Multiscale discontinuous composites unravelled
Multiscale discontinuous composites could become widely used in the automotive industry and beyond. Dr Soraia Pimenta tells Simon Frost about research into these complex materials.
Multiscale discontinuous composites (MDCs) are a promising but problematic new family of materials. In their favour, they can be manufactured quickly and their high strength, stiffness and lightness could mean widespread application in high-volume applications. They could even compete with the composites used in aerospace. But this potential has not been harnessed, because we don’t know how to manipulate MDCs in design. In pursuit of a way to predict the behaviour of MDC structures, Dr Soraia Pimenta of Imperial College London has been awarded one of seven research fellowships granted by the Royal Academy of Engineering this year.
MDCs are a new type of composite material in which the reinforcement is composed of discontinuous fibre composites (DFCs) – randomly oriented bundles of carbon, recycled or natural fibres. Herein lies the problem. Dr Pimenta explains, ‘The architecture of discontinuous fibres is extremely complex and completely different to that of conventional composites.

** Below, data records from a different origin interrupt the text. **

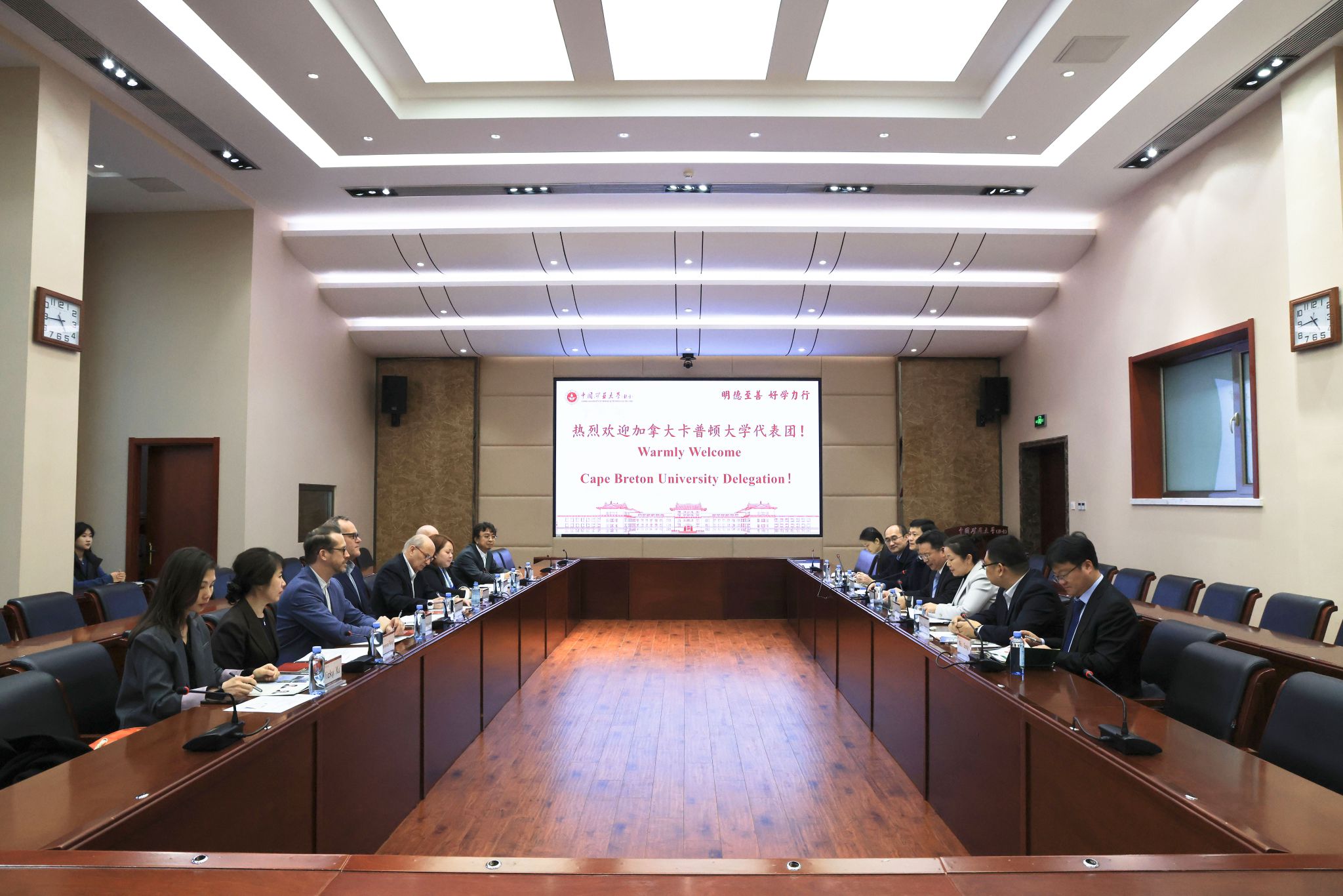 加拿大卡普顿大学商学院院长John Nadeau、国际招生与全球合作部总监Victor Tomiczek、前国际合作事务副校长John MacKinnon、语言中心院长Bob Liu,学校应急管理与安全工程学院、人工智能学院、管理学院以及国际合作与交流处负责人参加会谈。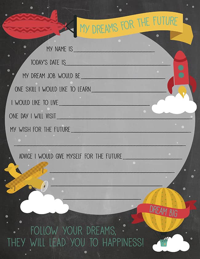 All you need to do is print out this FREE printable "My Dreams for the Future" questionnaire, and set the table with some milk and cookies. Then let the conversation begin.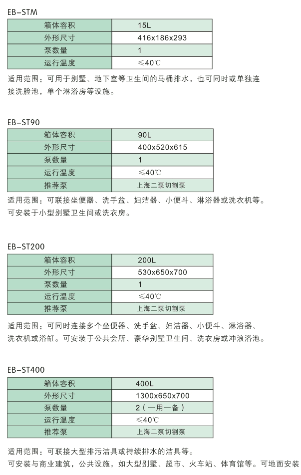 上海芭乐appEB-ST400係列汙水提升器是為大型(xíng)別墅,會所,酒店等中大型建築設計的集汙水收集、存儲和(hé)提升為一體的專用的汙水處理係統。可用於收集廁所排泄物,淋浴,洗手盆,洗衣(yī)機等的(de)液體,並(bìng)泵送到主排汙係統。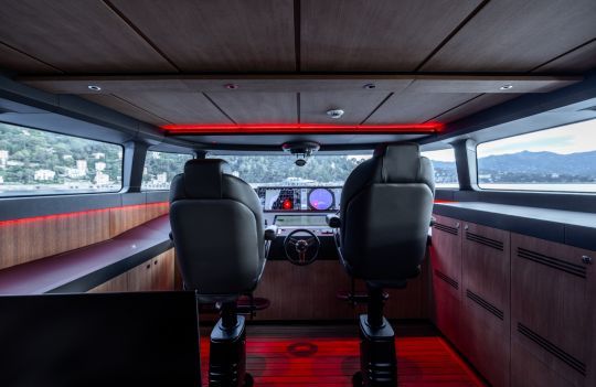 Alimentato da quattro motori Volvo Penta, SAN ha una velocità massima di 23 nodi e un'autonomia di 1400 miglia nautiche. Questa potenza è accompagnata dall'efficienza energetica, esaltata dalla configurazione bassa del pozzetto, che rende la struttura più leggera senza compromettere la funzionalità.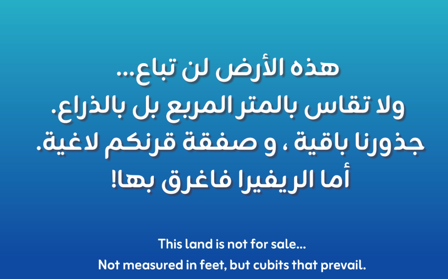 As the video unfolds, it reveals a crystal-clear statement: "Whoever tries to take over the land and reshape it by building rivieras, will fail. This land is not for sale and its people will always rise from the rubbles to reclaim and rebuild it with love and hope.”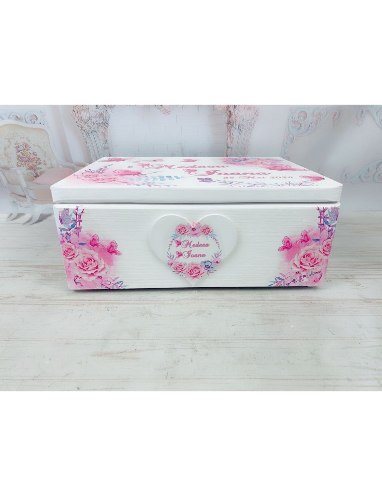 Descoperă o cutie de amintiri unică, realizată cu grijă în atelierul nostru, perfectă pentru a păstra cele mai prețioase momente din viața copilului tău! Această cutie este confecționată din lemn de calitate, vopsită și lăcuită manual, fiecare detaliu fiind realizat cu atenție și pasiune. Grafica delicată, este adaptată special și transferată prin tehnica decoupage, asigurând un design fermecător și durabil.

At the moment, there are virtually no methods to design structural components with these new composites, and that’s precisely what I’m hoping to change in the next five years.’ Predicting the materials’ response to mechanical loading and other forces has, until now, been on an experimental trial-and-error basis, which also makes the design process prohibitively expensive. ‘We are limited in the shape of components we can manufacture – these materials are already being used in some applications, but only in very conservative structures,’ she adds.
Dr Pimenta will lead the Academy-funded research beginning in January 2015, building on a year of experimental mechanical analysis and mathematical models examining the stiffness properties of the materials. She views the automotive industry as the major market for MDCs. ‘I think these are the first type of composites that can be used in such a high-volume industry,’ she says, ‘but the entire design process for a car typically needs to be completed within one year, so it is vital to have robust design methods that reduce the time. It takes much longer than it should do.’
Other research fellowships granted by the Royal Academy this year include studies of materials for use in nuclear reactors, the next generation of prosthetic limbs and the development of optical fibres for increasing data demands.